Una experiencia pedagógica picante.
El autor de En construcción propone una comedia sexual y dialéctica travestida de documental sobre la erótica patriarcal.
“Una experiencia pedagógica del profesor Raffaele Pinto filmada por José Luis Guerín”, dice el cartel inicial de La academia de las musas, y debe ser uno de los comienzos más engañosos, desde los trueques ficción por “realidad” de Doble de cuerpo o Hable con ella. Tal vez el proyecto de La academia de las musas haya empezado como eso –y aun así es difícil, ya que el realizador de En construcción (2001) y Tren de sombras (1997) no filma documentales “puros”–, pero claramente terminó siendo otra cosa, y esa otra cosa es lo que da su identidad al opus 10 del realizador catalán (contando largos y mediometrajes). Si ése fue el proceso de construcción de La academia de las musas, la película misma duplica ese proceso, describiendo lo que va de la experiencia pedagógica representada por un curso o seminario de Filología dictado en la Universidad de Barcelona por un profesor italiano, especialista en cultura clásica, hasta la erótica patriarcal que circula entre bambalinas, entre il professore Pinto y varias de sus alumnas. Algo así como una comedia sexual (y dialéctica) travestida de documental neutro. Un film con grandes volúmenes de diálogo que resultó, inesperadamente, la película más popular de su autor en España.

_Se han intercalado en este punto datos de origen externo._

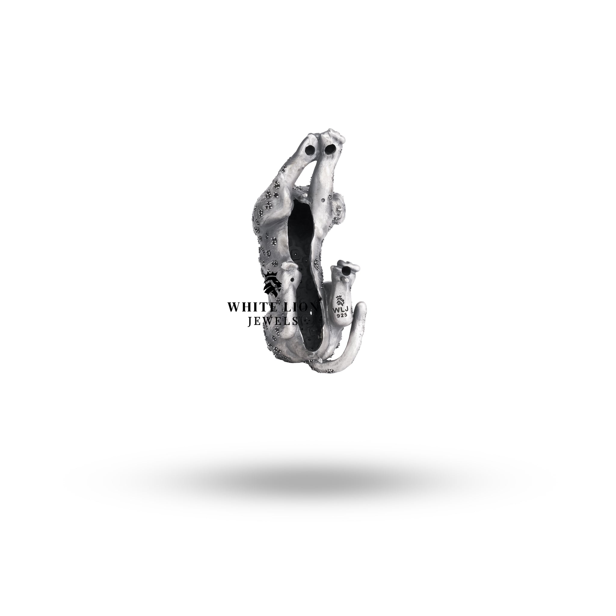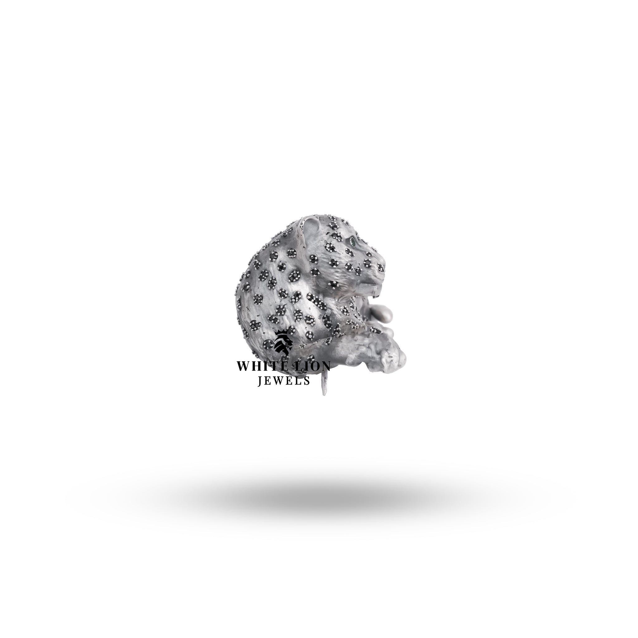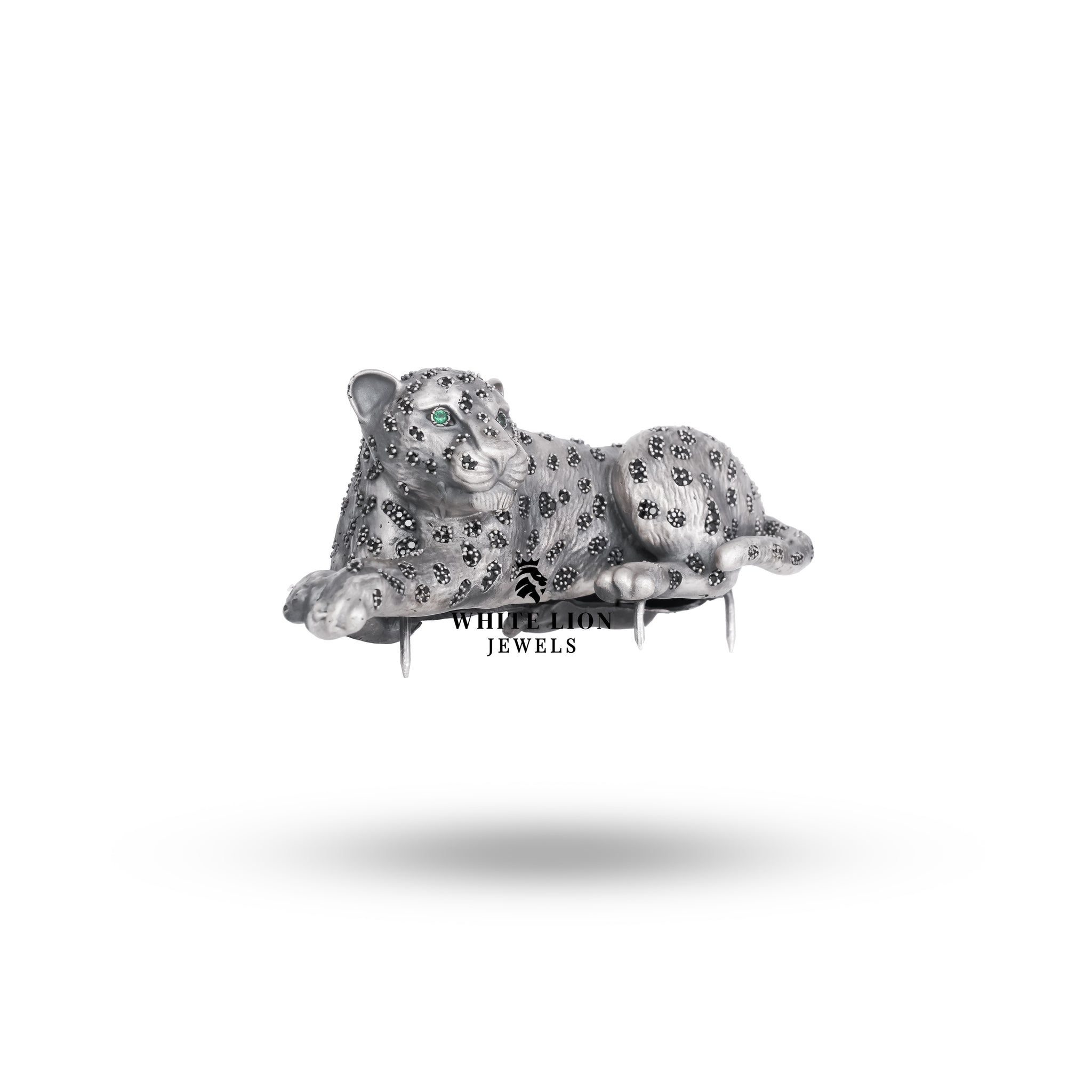 The Elegant Sitting Panther Brooch is meticulously handcrafted, showcasing the finest artisanship that White Lion Jewels is known for. The oxidized silver finish enhances the intricate details of the panther design, while the CZ stones add a touch of glamor.

El curso que el professore Pinto da en la Facultad de Filología de la Universidad de Barcelona es sobre el lugar que ocupan las musas en la poesía, tomando como eje La divina comedia. El público de graduadas en Letras es mayoritariamente femenino, y los pocos varones prácticamente no intervienen. ¿Signo tal vez de que las clases están vistas desde el punto de vista del docente? El profesor domina su tema, es erudito y, aunque pasó la cincuentena y no es un galán, podría pensarse que la seguridad con la que expone y se planta sobre ese escenario que es la tarima podría ser seductora. En los contraplanos, los rostros de las alumnas se ven atentos, subyugados, pendientes de lo que dice (los de los varones, en cambio, lucen semiausentes).
Una de las educandas que más interviene es una alumna italiana que, sin ser exuberante, responde al tipo físico que el cine italiano nos habituó a pensar como atractivo, en términos peninsulares. Curiosamente, sus intervenciones son en italiano, aunque habla castellano a la perfección. ¿Por qué lo hace, dejando fuera de la conversación a muchas de sus compañeras? ¿Es una forma de establecer un vínculo privado con el professore? En tal caso, una forma de establecer un vínculo de a tres: hay otra alumna italiana, como se verá sobre el final, y una española que habla italiano fluidamente. Vínculo de a tres o las tres en un vínculo, simultáneo o sucesivo, con el profesor Pinto, que así como predica la necesidad de las musas para la poesía, y la necesidad de la poesía para la vida, con innegable coherencia gestiona sus propias musas secretas para su vida privada.
En una de las clases, el profesor hace un llamado a las mujeres para que hagan de musas para los hombres. Llamado ante el cual algunas de las alumnas reaccionan airadamente, acusándolo de patriarcalismo. Uno de los ítems del patriarcalismo es, como se sabe, engañar a la esposa con una o más amantes. Es lo que hace el profesor Pinto con Rosa Delor (su esposa en la vida real), tal vez el gran personaje de la película, por el modo en que liga lucidez descarnada, acidez y frontalidad. Desde la primera escena en que aparece, en el living de su casa junto a su marido, afirmando que “el amor es un invento de la literatura”, Rosa concentra todo el interés, hasta una escena cargada de veneno en la que se las ve de frente con su máxima rival (ambas parecen escenas de literatura inglesa, más que española).
Esta es la segunda ocasión en que José Luis Guerín aborda el tema de la musa. En En la ciudad de Sylvia (2007), un artista plástico perseguía a una mujer hermosa a través del laberinto urbano, como quien persigue el ideal platónico de la belleza. Guerín rodó La academia de las musas por su exclusiva cuenta, con un presupuesto mínimo y haciéndose cargo él mismo de la fotografía y el montaje, filma las escenas de clases con preeminencia de planos americanos y clásicos planos-contraplanos. Separa bloques con notaciones temporales (la película transcurre entre un mes de noviembre y el marzo siguiente) y espaciales (la Universidad, el bar, un viaje a Nápoles, etc.) y recurre a varios planos en negro para separar escenas. Todas, o casi todas las escenas de exteriores, están filmadas a través de cristales y con mucho sol, de modo de generar fuertes reflejos sobre los cristales. Como si el realizador quisiera recordar, a través de las imágenes, que ninguna cosa real puede verse de modo límpido e impoluto. Que toda superficie refleja, refracta, llama a confusión.